## Task requirements
No pictures go in the copy. Restate, word for word, each line from the one containing "Vurrion Geforce RTX" through the last line below.

[Stored entries]
---
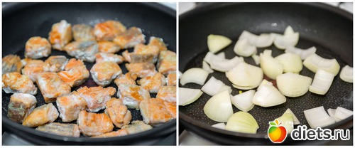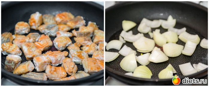 4. Затем рыбу убираем в отдельное блюдце, а на ту же сковороду перекладываем лук.
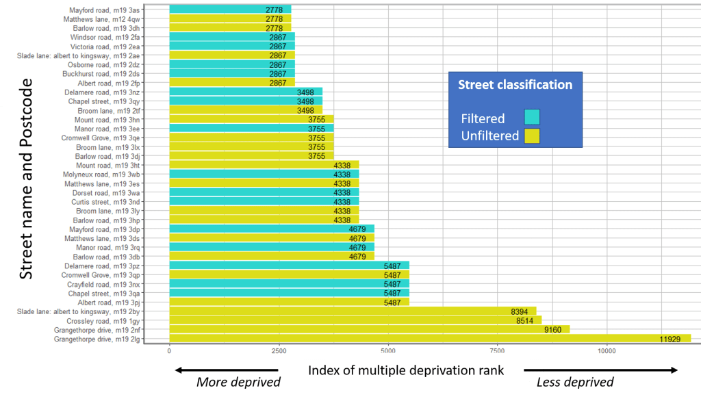 As we can see, there is no clear split between filtered and unfiltered roads. In fact the least deprived roads are the ones that would still be receiving through traffic.
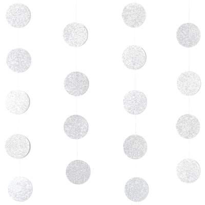 Verleihen Sie Ihrer Partydekoration mit der Genähten Girlande Kreise in Glitter-Silber einen aufregenden Look! 🎉 Perfekt für Indoor- und Gartenpartys. - 2 Meter lange Girlande - Glitter-Kreise - Kreisdurchmesser: 3,8 cm - Material: Papier
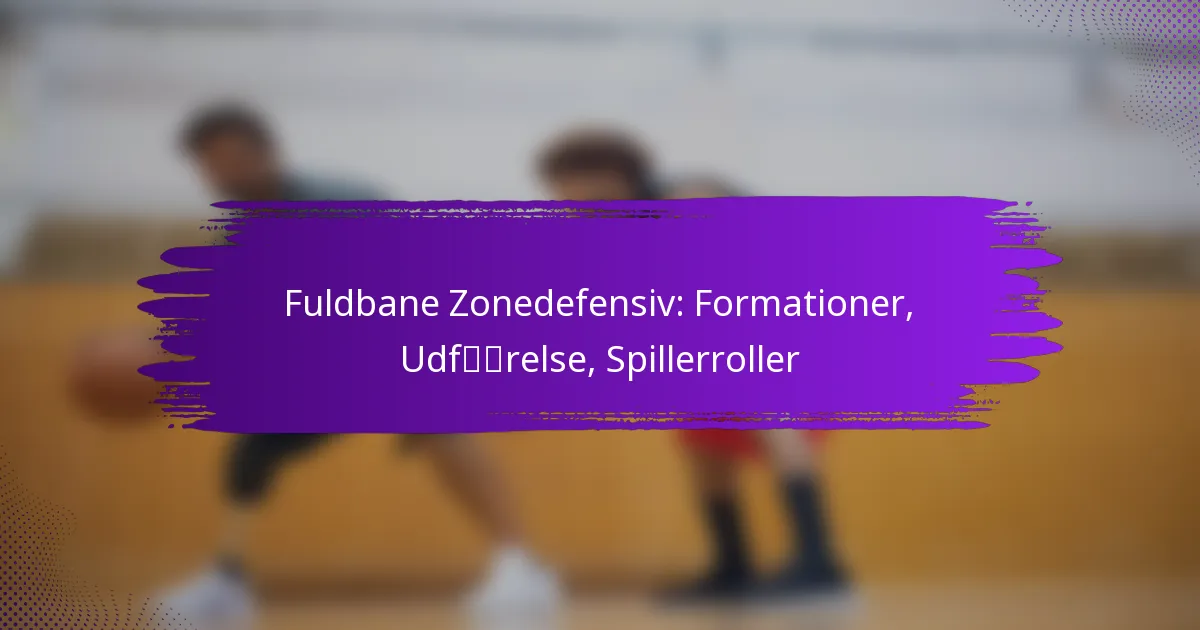 Full-court zone defense anvender forskellige formationer for effektivt at lægge pres på modstanderholdet og begrænse deres scoringsmuligheder. De vigtigste formationer inkluderer 2-3 zone, 3-2 zone og 1-2-2 zone, hver med unikke strukturer og strategier tilpasset til at forstyrre offensive spil.
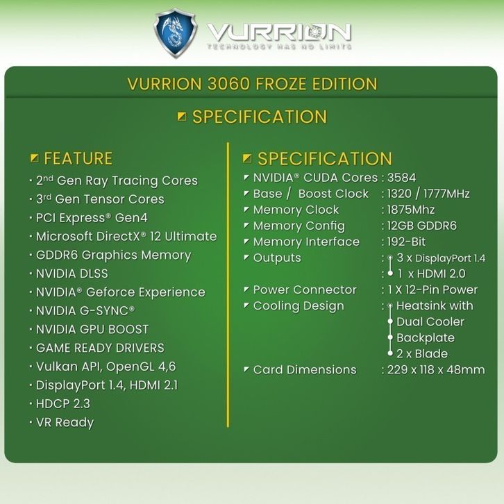 Vurrion Geforce RTX 3060 12GB Froztine GDDR6 192BIT
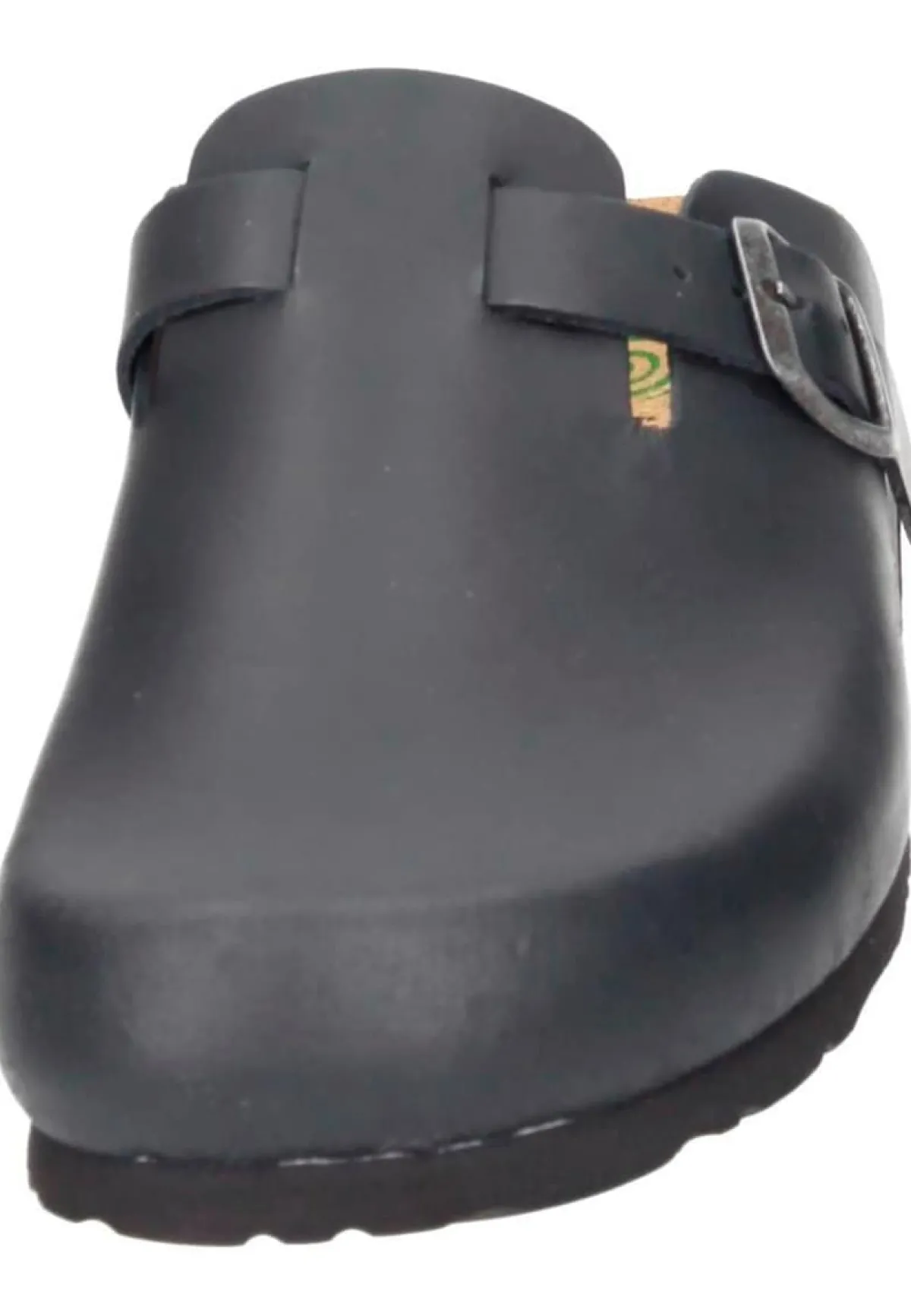 Bei diesem Produkt handelt es sich um einen Schuh aus der Kategorie Clogs ohne Absatz für Herren. Als Obermaterial wurde Fettleder verwendet und im inneren Bereich des Schuhs wurde ungefüttert und weiche Lederdecksohle, gepolstertes Naturform-Korkfußbett verarbeitet. Die Schuhweite dieses Artikels ist normal und somit standard. Als Verschlussart wurde Schlupfschuh gewählt und die Leichtzellsohle rundet das Produkt ab. Der Artikel fällt normal aus, bitte die gewohnte Größe bestellen. – Schuhweite: normal –
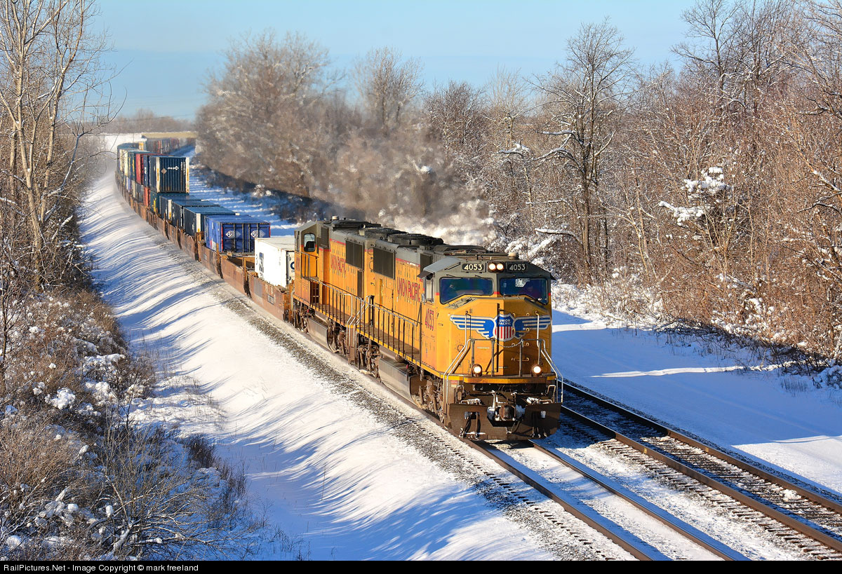 The first snowfall of the year has hit the western new york area , a eastbound csx double stack train just past mp 427with union pacific power running on csx rails
---
## Response below
 Vurrion Geforce RTX 3060 12GB Froztine GDDR6 192BIT
 Bei diesem Produkt handelt es sich um einen Schuh aus der Kategorie Clogs ohne Absatz für Herren. Als Obermaterial wurde Fettleder verwendet und im inneren Bereich des Schuhs wurde ungefüttert und weiche Lederdecksohle, gepolstertes Naturform-Korkfußbett verarbeitet. Die Schuhweite dieses Artikels ist normal und somit standard. Als Verschlussart wurde Schlupfschuh gewählt und die Leichtzellsohle rundet das Produkt ab. Der Artikel fällt normal aus, bitte die gewohnte Größe bestellen. – Schuhweite: normal –
 The first snowfall of the year has hit the western new york area , a eastbound csx double stack train just past mp 427with union pacific power running on csx rails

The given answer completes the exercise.